The optimizer maintains a rotating buffer of up to 1,000 memory snapshots (deque(maxlen=1000)), each containing:

{
    "timestamp": float,
    "memory_mb": float,
    "cache_size": int,
    "pool_count": int,
    "top_allocations": list[str],  # From tracemalloc, if active
}

Object Pooling

ObjectPool[T] provides thread-safe object reuse:

  • Backed by queue.Queue(maxsize=max_size).
  • get() returns an object from the pool or creates one via the factory.
  • return_object(obj) resets the object (via reset_func) and returns it to the pool.
  • Statistics: created_count, borrowed_count, returned_count, utilization.

Usage via context manager:

with optimizer.pooled_object(MyType, factory=MyType, reset_func=reset_my_type) as obj:
    obj.do_work()
# Object is automatically returned to the pool

Benchmark Framework

BenchmarkSuite

BenchmarkSuite (in benchmarks.py) orchestrates performance testing:

suite = BenchmarkSuite(BenchmarkConfiguration(
    parallel_execution=True,
    max_workers=4,
    enable_memory_tracking=True,
    enable_memory_leak_detection=True,
    enable_regression_detection=True,
))

results = suite.run_all_benchmarks()

BenchmarkConfiguration

Parameter Default Description
parallel_execution True Run benchmarks in parallel
max_workers 4 Thread pool size for parallel runs
timeout_seconds 300 Total suite timeout
enable_memory_tracking True Use tracemalloc
enable_memory_leak_detection True Detect memory leaks
memory_leak_threshold_mb 10.0 Leak detection threshold
enable_regression_detection True Compare against baselines
regression_threshold_percent 20.0 Regression alert threshold
baseline_file None Path to baseline JSON
save_results True Save results to disk
results_directory "benchmark_results" Output directory
strict_target_validation False Fail suite on target miss

PerformanceBenchmark

Individual benchmarks are defined as PerformanceBenchmark dataclasses:

@dataclass
class PerformanceBenchmark:
    name: str
    target_latency_ms: float
    target_memory_mb: float
    target_throughput_ops_sec: float
    operation: Callable
    setup: Callable | None = None
    teardown: Callable | None = None
    iterations: int = 100
    warmup_iterations: int = 10
    timeout_seconds: float = 30.0
    validate_result: Callable | None = None

BenchmarkResult

Results are returned as named tuples:

BenchmarkResult = namedtuple("BenchmarkResult", [
    "name", "success", "latency_ms", "memory_mb",
    "throughput_ops_sec", "error", "details"
])

Built-in Analyses

The suite includes several automated analyses:

Regression Detection: Compares current results against a stored baseline.
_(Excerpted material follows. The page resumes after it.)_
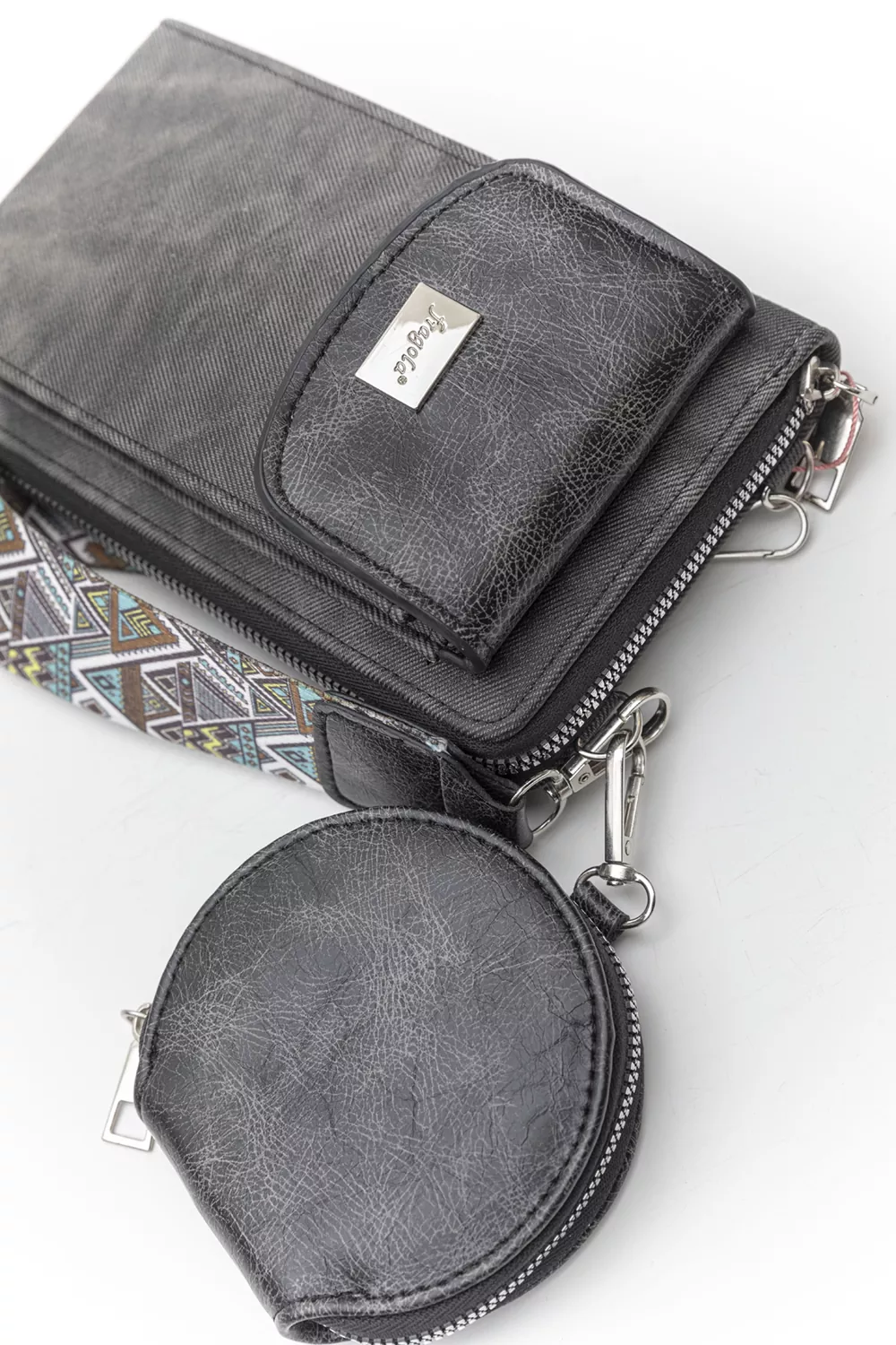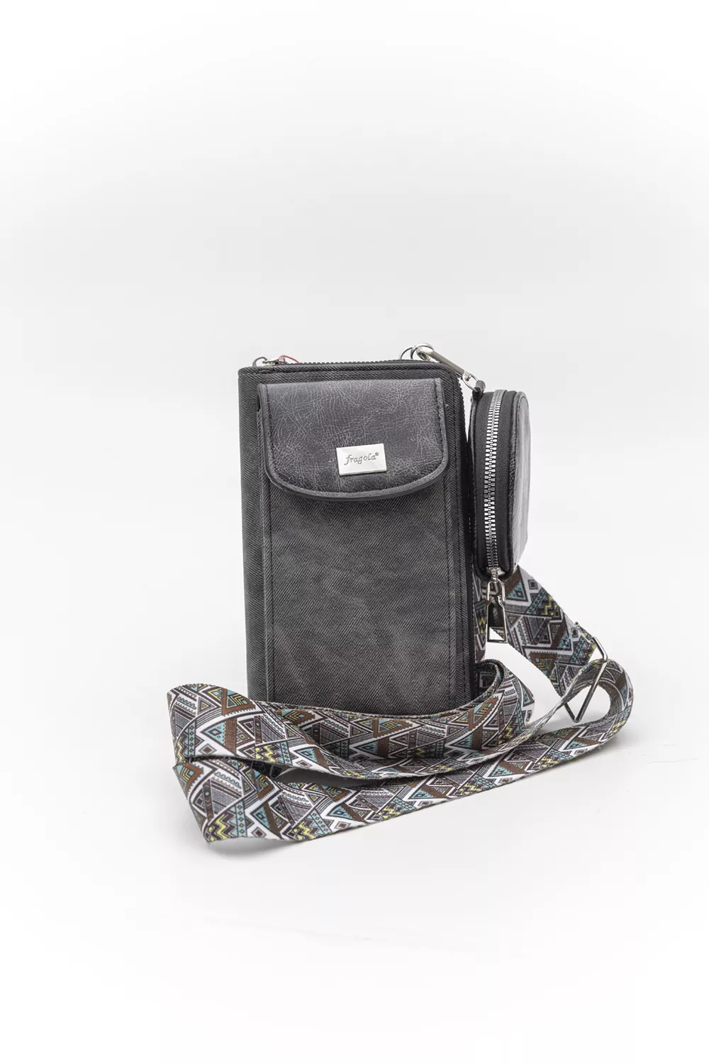 Χιαστί τσαντάκι δύο όψεων (κινητό-πορτοφόλι). Η μια όψη είναι θέση κινητού με καπάκι. Η δεύτερη όψη είναι πορτοφόλι με όλους τους απαραίτητους χρηστικούς χώρους . Συμπεριλαμβάνει έξτρα στρόγγυλη θήκη με φερμουάρ για usb, ακουστικά κλπ.Υλικό: Vintage οικολογικό δέρμα συνδυασμένο με απομίμηση jean υφάσματος σε οικολογικό δέρμα.

Thresholds from constants:

  • Changes above HIGH_REGRESSION_SEVERITY_PERCENT (50%) are flagged as “high” severity.
  • Improvements above IMPROVEMENT_THRESHOLD_PERCENT (10%) are noted as positive.

Memory Leak Detection: Monitors memory growth across iterations. If more than MEMORY_LEAK_GROWTH_RATIO (70%) of measurements show growth, a potential leak is flagged. Forced GC runs every GC_TRIGGER_INTERVAL (50) operations.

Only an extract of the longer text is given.